EDA vendors and their customers are looking at a different way to tackle the semiconductor verification bottleneck, combining AI with massive simulations to create a single reference point for designs.

The goal is to reduce the time to sign off with better coverage and more confidence by leveraging a “golden specification” that is precise, complete, traceable, and AI-amenable. If this approach is successful, it would amount to the ultimate shift left. There are still more pieces needed, but this correct-by-construction strategy could have a significant impact on the verification process.

“It is, or should be, a living, machine-readable, executable artifact that serves as the unambiguous semantic anchor for hardware, firmware, and software teams simultaneously,” said Ashish Darbari, CEO of Axiomise. “Tools like SystemRDL and IP-XACT represent a step in this direction, but they remain largely register-map-centric. The deeper problem is that a specification is only truly golden if every stakeholder in the ecosystem can consume it in their own language of choice — RTL engineers, formal verification engineers, UVM testbench writers, firmware developers, and system architects — without a lossy manual translation step in between. That re-translation is where spec drift begins.”

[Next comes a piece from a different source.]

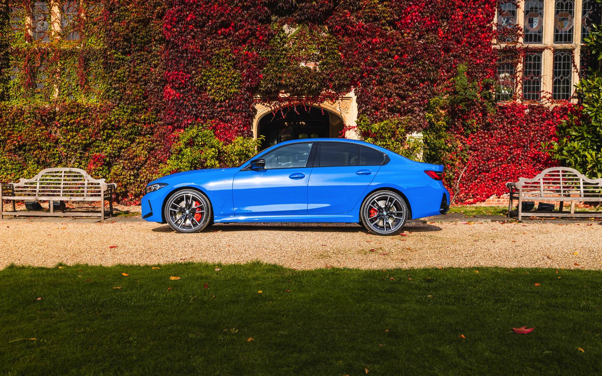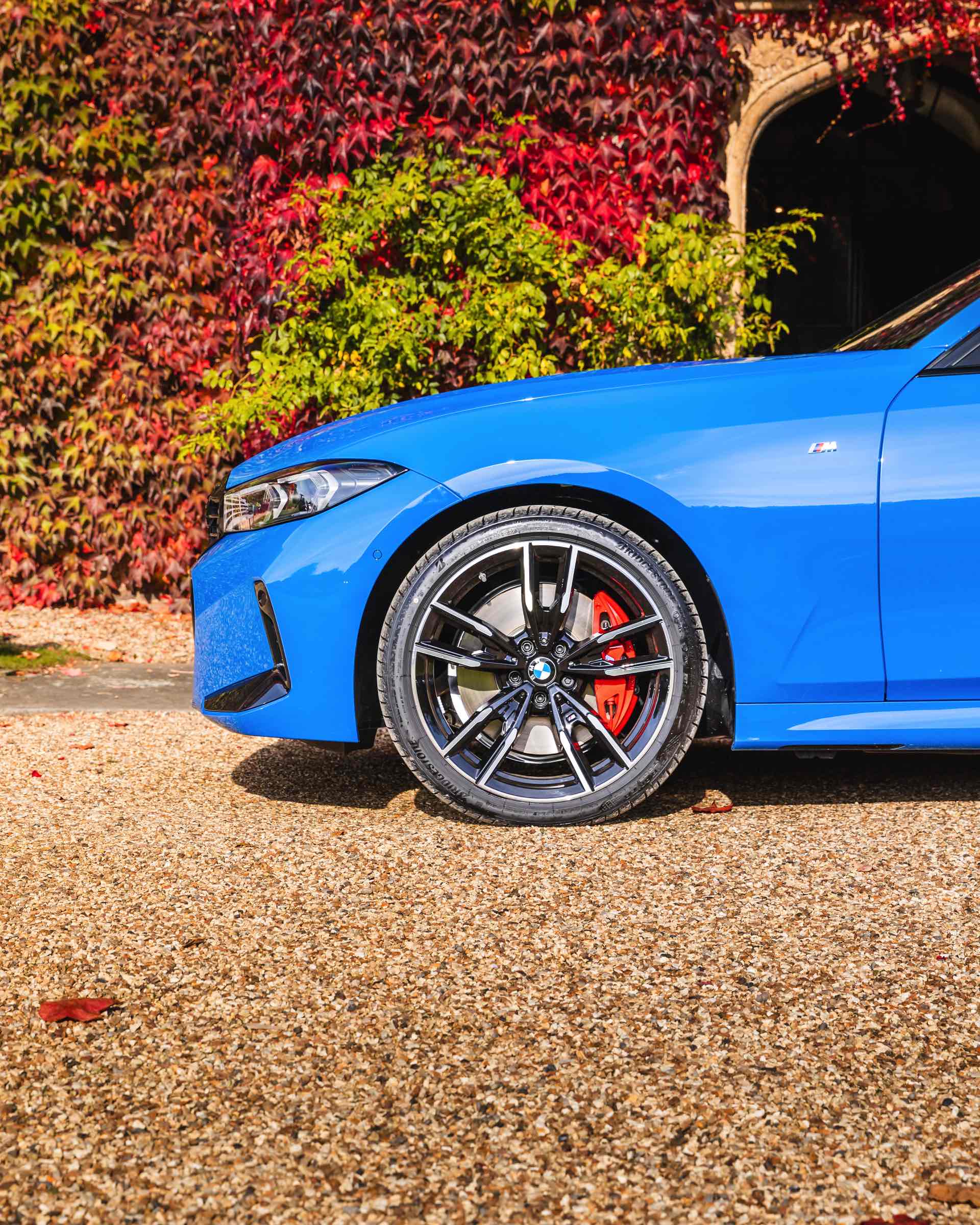 Die aktuellen Fotos stammen aus England, wo Enzianblau in übersetzter Form als Gentian Blue vermarktet wird, und zeigen uns eine BMW M340i xDrive Limousine (G20 LCI). Der M Performance-3er auf den Fotos von Adam Price für Andrew Barker trägt neben der speziellen Lackierung auch die Shadow Line mit erweiterten Umfängen, sodass die M340i und M340d vorbehaltene Mesh-Niere genau wie die Endrohr-Blenden ganz in Schwarz gehalten ist. Die ab der B-Säule abgedunkelten Scheiben der Sonnenschutzverglasung und die zu großen Teilen in Jetblack lackierten 19 Zoll Leichtmetallräder Doppelspeiche 792 M Bicolor tragen ihren Teil zum individuellen Auftritt bei. Einen weiteren sportlichen Akzent setzen die Bremssättel der M Sportbremse, die in Verbindung mit dem M Sport Pro-Paket auch in Rot erhältlich sind.

The next step is to extend the golden specification from a human-readable contract to an authoritative, AI-interpretable foundation that drives an AI-native chip design and verification flow, effectively the ground truth against which all generated RTL, testbenches, and analyses are evaluated. “Without such a reference, correctness becomes undefined,” said William Wang, CEO at ChipAgents. “Its requirements have evolved in two key directions. First, from primarily human-readable documents to AI-readable, structured, and executable representations that can be consumed by agentic systems. Second, toward maintaining an even higher standard of precision and completeness, since while AI can surface obvious inconsistencies, subtle or deeply embedded specification errors remain difficult to detect and can propagate at scale.”

What exactly is a golden specification?
Most engineers equate a golden spec with validation, but the definition has changed in recent years with the rise of multi-die assemblies and advanced packaging.

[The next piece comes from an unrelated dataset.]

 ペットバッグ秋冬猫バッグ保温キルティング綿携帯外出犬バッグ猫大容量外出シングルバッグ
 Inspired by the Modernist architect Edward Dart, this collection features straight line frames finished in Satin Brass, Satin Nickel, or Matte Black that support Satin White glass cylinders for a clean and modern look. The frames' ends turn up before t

“Ten years ago, the golden spec could primarily define design intent, interface requirements, functional behavior, and verification expectations,” said Satish Radhakrishnan, head of GTM Semiconductor and Electronics at Vinci. For today’s multi-die, chiplet, and 3D designs, that is no longer sufficient. The specification also needs to capture the physical context that determines whether the system will actually work — native geometry, materials, stack-up, interfaces, thermal boundary conditions, mechanical constraints, applied loads, power maps, and expected thermal or thermo-mechanical behavior.”

Others agree. “Ten years ago, it was mostly a static functional description of a monolithic SoC,” noted Guillaume Boillet, vice president of strategic marketing at Arteris. “Today, the specification must capture system-level behavior across heterogeneous dies, with the network-on-chip interconnect becoming a central element. Beyond coherency protocols across dies, chiplet systems require detailed specifications for bring-up, discovery, security, telemetry, error handling, and quality-of-service management between independently developed dies. Fortunately, the industry is making strong progress toward standardizing die-to-die interoperability.”

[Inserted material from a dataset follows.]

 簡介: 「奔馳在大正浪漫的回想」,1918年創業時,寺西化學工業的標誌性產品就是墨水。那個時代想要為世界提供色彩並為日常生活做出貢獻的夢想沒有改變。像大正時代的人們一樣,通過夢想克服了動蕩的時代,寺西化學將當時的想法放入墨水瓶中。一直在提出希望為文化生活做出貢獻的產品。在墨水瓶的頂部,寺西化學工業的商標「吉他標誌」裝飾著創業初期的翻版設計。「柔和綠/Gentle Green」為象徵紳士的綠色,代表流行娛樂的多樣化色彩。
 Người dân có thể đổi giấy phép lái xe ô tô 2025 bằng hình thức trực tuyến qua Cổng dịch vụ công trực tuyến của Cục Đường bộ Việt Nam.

At a DVCon panel earlier this year, there was a lot of discussion about how AI could substantially reduce the time it takes to verify and debug a design. That hasn’t fully materialized yet. Real progress will depend on a much more complete and flexible spec.

“The new bottleneck is clarity of specification, which goes back decades to the old thinking about splitting the verification engineers from the design engineers,” said Frank Schirrmeister, executive director for strategic programs, System Solutions, at Synopsys. “They were treated as two cohorts, because if you drink your own bath water, that’s not good for finding something new. Remember the executable spec that Alberto Sangiovanni-Vincentelli talked about 30 years ago that never really happened? We fixed one side, and that worked pretty well. We decided that if we fixed the RTL and modeled it as a hardware instance at any given point in time, and there’s a digital thread, then I can do something useful with the variations of that over time. I can do software development, and that’s a nice market. But we didn’t abstract everything. We fixed the hardware, which gives you the boundary, and then you can develop software on top of it. So now is there an executable spec that’s hardware/software and golden, from which everything can be derived?”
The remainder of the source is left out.